* **EXERCISE**
Reproduce the data below in full and to the letter, images excepted.

* **DATA EXCERPT**

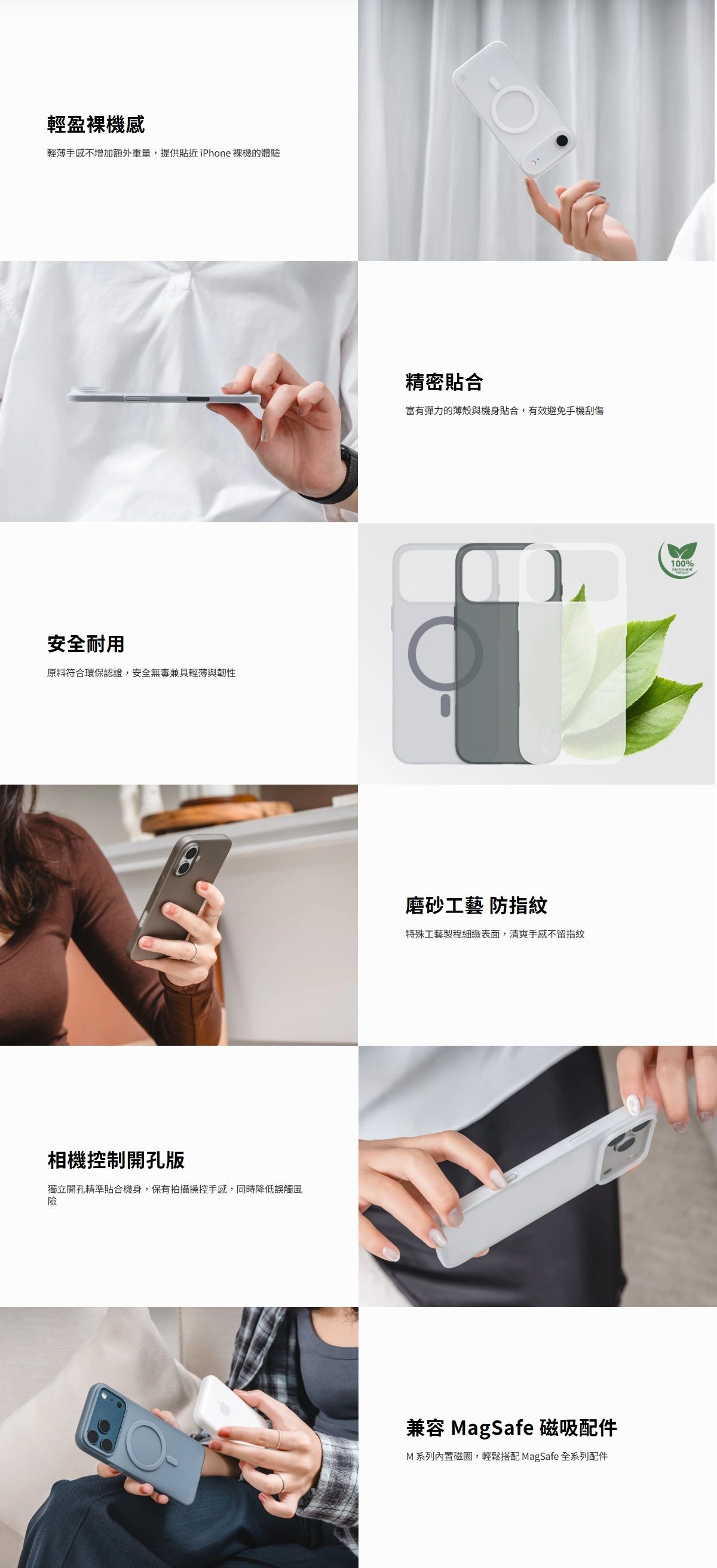 - 輕盈裸機感:輕薄手感不增加額外重量,提供貼近iPhone裸機的體驗
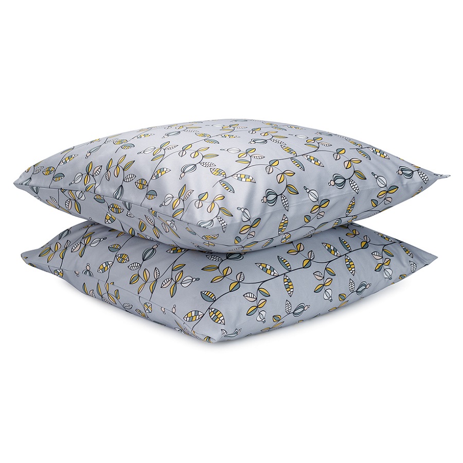 "Набор из двух наволочек из сатина с растительным принтом ",Ягоды тайги", из коллекции Russian North добавит атмосферу природы русского севера в ваш интерьер. Гладкий, приятный на ощупь материал плотностью 210 TC отличается особым способом пряжи – нити переплетаются в скрученном виде, что придает ткани дополнительную прочность.
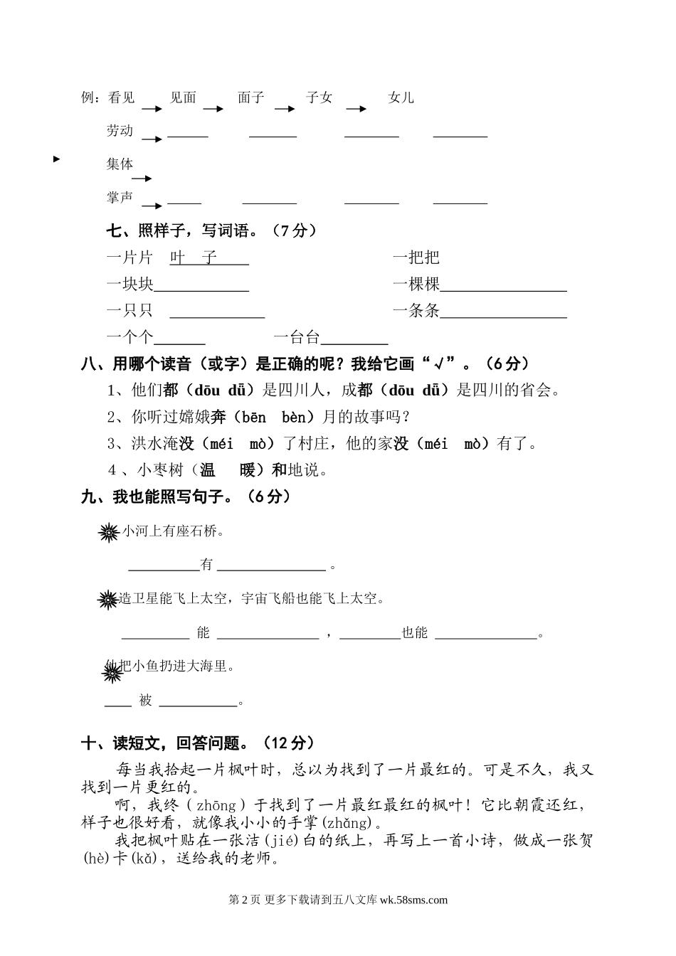 隔界河小学二年级语文上册第四次月考试卷.doc_第2页

* **COMPLETED EXERCISE**
 - 輕盈裸機感:輕薄手感不增加額外重量,提供貼近iPhone裸機的體驗
 "Набор из двух наволочек из сатина с растительным принтом ",Ягоды тайги", из коллекции Russian North добавит атмосферу природы русского севера в ваш интерьер. Гладкий, приятный на ощупь материал плотностью 210 TC отличается особым способом пряжи – нити переплетаются в скрученном виде, что придает ткани дополнительную прочность.
 隔界河小学二年级语文上册第四次月考试卷.doc_第2页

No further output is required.